In the course of the investigations, the department asked a state document retention board three times this year for its approval to destroy the files, including once in March, just days after it was revealed that payroll records for an entire 140-trooper unit had been kept hidden for years.
in a strange twist the Records Conservation Board tabled each State Police request, citing the records’ potential involvement in ongoing investigations, according to documents provided by the board. Each State Police request sought the destruction of the only existing copies of the records in question.
Massachusetts State Police spokesman David Procopio said in a statement Wednesday that “none of the records in question have been destroyed.”
“The recent requests made to the board are in compliance with the [Secretary of State’s] retention schedule and the records, due to their age, are not currently the subject of any outside investigation or audit,” Procopio added.
According to Procopio, payroll records will be retained “until further notice.”
The request to destroy the records was first reported by CommonWealth Magazine on Tuesday.
The department is under widespread scrutiny amid the several scandals. Federal and state prosecutors have charged eight current and former troopers in the ongoing overtime fraud scandal, using department records.
Governor Charlie Baker has described the overtime fraud scandal as a “conspiracy” that “goes back a long time”.
In the midst of department’s own review into 2016 and 2015 payroll records, gov Baker promised “if we find some of the violations there, we’ll look back into 2014…. We’re going to continue to go back into previous years and review those records.”
His office did not immediately respond to a request for comment.
“if we find some of the violations there, we’ll look back into 2014…. We’re going to continue to go back into previous years and review those records.” -Mass governor Charlie Baker
State agencies are forbidden to destroy records without the approval of the six-member Records Conservation Board. State law requires agencies to keep records for a certain amount of time, which varies depending on the type of record. After the required retention period has passed, agencies can seek permission from the board.

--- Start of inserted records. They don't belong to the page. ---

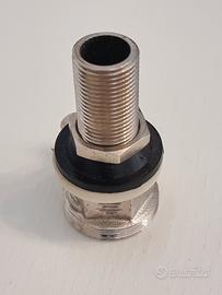 Vendo raccordo per impianto di spillatura birra, in metallo nichelato con filettatura esterna e uscita laterale per tubo gas/liquido.
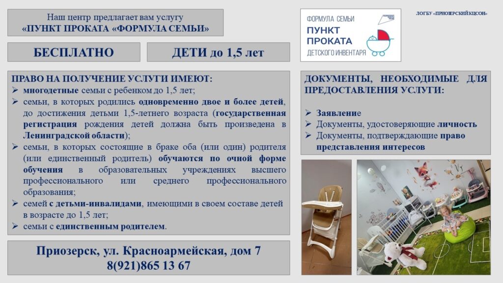 Помимо социального обслуживания на дому, также теперь для семей установленных льготных категорий центр предоставляет услуги #Социальная_няня» и #Пункт_проката#Формула_семьи.
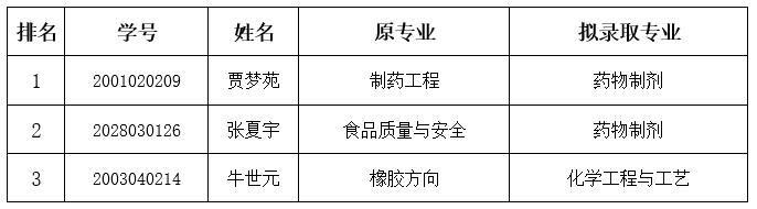 化工学院转专业结果公示如下,如有异议请在三天公示期内反馈,电话:84023400

The three forms submitted by State Police were signed by department officials — including its directors of finance and human resources — and each attested that the records in question were not subject to any “pending or actual audit or investigation.”
In denying the State Police three requests, the six-member Records Conversation Board cited pending investigations as the basis for keeping the files, documents show.

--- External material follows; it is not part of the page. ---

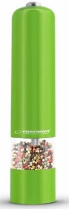 Grinder Esperanza MALABAR EKP001G Green, LED illumination during use Adjustable grinding thickness Length: 23cm Diameter: 5cm Power: 4* AA batteries (not included)

The timing of the State Police requests raises questions.
In March, Colonel Kerry Gilpin held a press conference accusing 20 troopers of fraudulently collecting overtime pay.
Days later, a Globe report revealed payroll records for an entire 140-trooper State Police division, including some of the department’s top earners — had been hidden for years, prompting sharp criticism and a vow from the notoriously secretive law enforcement agency to be more transparent.
Two days after the Globe report, the agency quietly filed the first of its requests to destroy documents.
The request sought permission to dispose of 115 banker boxes of time and attendance records covering 2010 and 2011, along with “bank and cash” and “billings and collections” records from 2009 through 2013, plus “routine accounting” records for 2001 through 2013.
Mass. Attorney General Maura Healey. Her office has filed charges against three troopers, and has said to expect more, in the overtime fraud case.
In April, State Police filed a separate request to destroy 40 more banker boxes of records, a varied mix of personnel, payroll, and retiree records spanning numerous years, including time and attendance calendars from July 1994 through 2014.
The department’s ongoing internal audit into overtime fraud began with a review of payroll records from 2016. It finished that portion of its review over the summer and had moved on to reviewing 2015 records.
The third and most recent request to destroy 12 more boxes of records was filed last month. Those boxes contained payroll records from 2009 through 2012, including detail and roster assignments, for Troop F.
Troop F, which is funded by the Massachusetts Port Authority to patrol its properties including Logan International Airport in Boston and the city’s Seaport, came under fire in late March for hiding trooper pay records for years.
In 2017, State Police sought to destroy records just once. The board approved that request to dispose of state crime lab documents, but noted it did not involve any records tied to the lab’s scandals in recent years.
The Records Conservation Board is chaired by a designee of Attorney General Maura Healey’s office, which has filed charges against three troopers, and has said to expect more, in the overtime fraud case.